Russian crew members on board the JB Rubin cargo vessel insist that the ship's Japanese owners are yet to pay them more than $20,000.

The Russian crew of a Cambodian-flagged cargo ship has gone on strike at a South Korean port over salary arrears.

Fourteen Russian crewmembers of the JB Rubin ship refused to unload its cargo of scrap metal on Monday evening, saying that their employer hasn't paid their salaries for several months, RIA-Novosti reported Tuesday. The ship is docked at the South Korean port of Busan.

"The ship owner has paid the crew their salaries for May — $20,000, and $2,000 for meals — but the debt for June remains at $16,000," a spokesman of the Russian Seafarers' Union, Nikolai Sukhanov, was quoted as saying.

The owner of the ship, Japan-based TKB Shipping Co. Ltd, couldn't be immediately reached for comment. According to the company's website, the ship, which was built in 1979, was scheduled to depart for Vladivostok on Tuesday, but the sailors refused to start working before being paid in full.

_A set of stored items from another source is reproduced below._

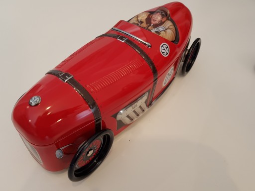 Samochód wyścigowy/Pojemnik/Puszka z Angielskiej kolekcji w stylu RETRO. Wykonana z wysokiej jakości blachy. Pokryta emalią. Koła się obracają. Nadaje się do żywności!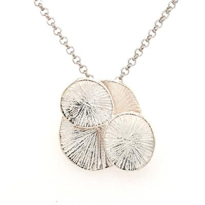 For that down to earth organic girl, this flower pendant is the perfect fit. Created in silver, with four oval shapes blending together to feel like a flower. Nature at it's best! Hangs on a 18" silver wheat chain. Measures 3/4 inch long.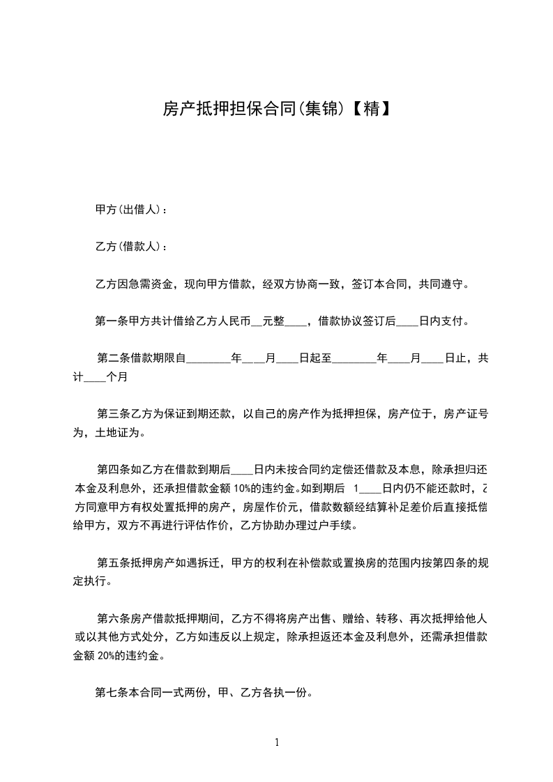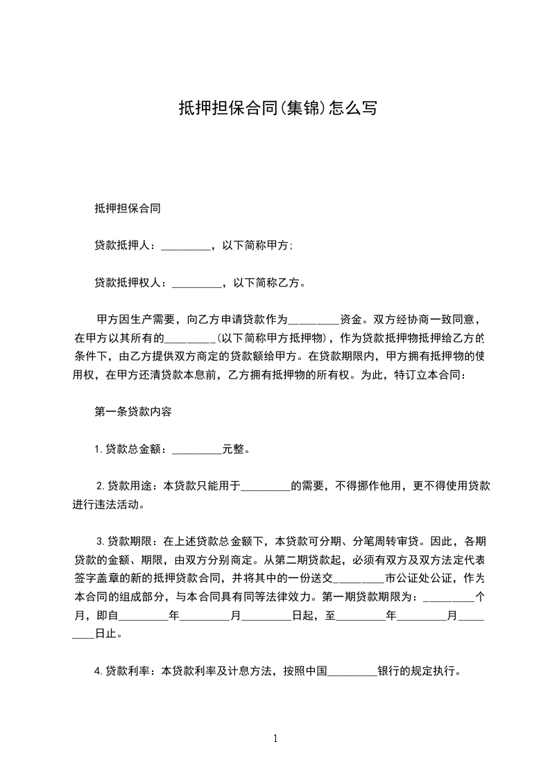 第一条、抵押担保的债权

This is not the first time in recent weeks that the crew has complained over salary arrears. Earlier in July, the crew appealed to prosecutors at Magadan, where they were docked at the time, to seize the vessel over a debt of $41,132. A local court rejected the petition.

A representative of the International Transport Workers' Federation was to meet the crew on Tuesday to help arrange negotiations.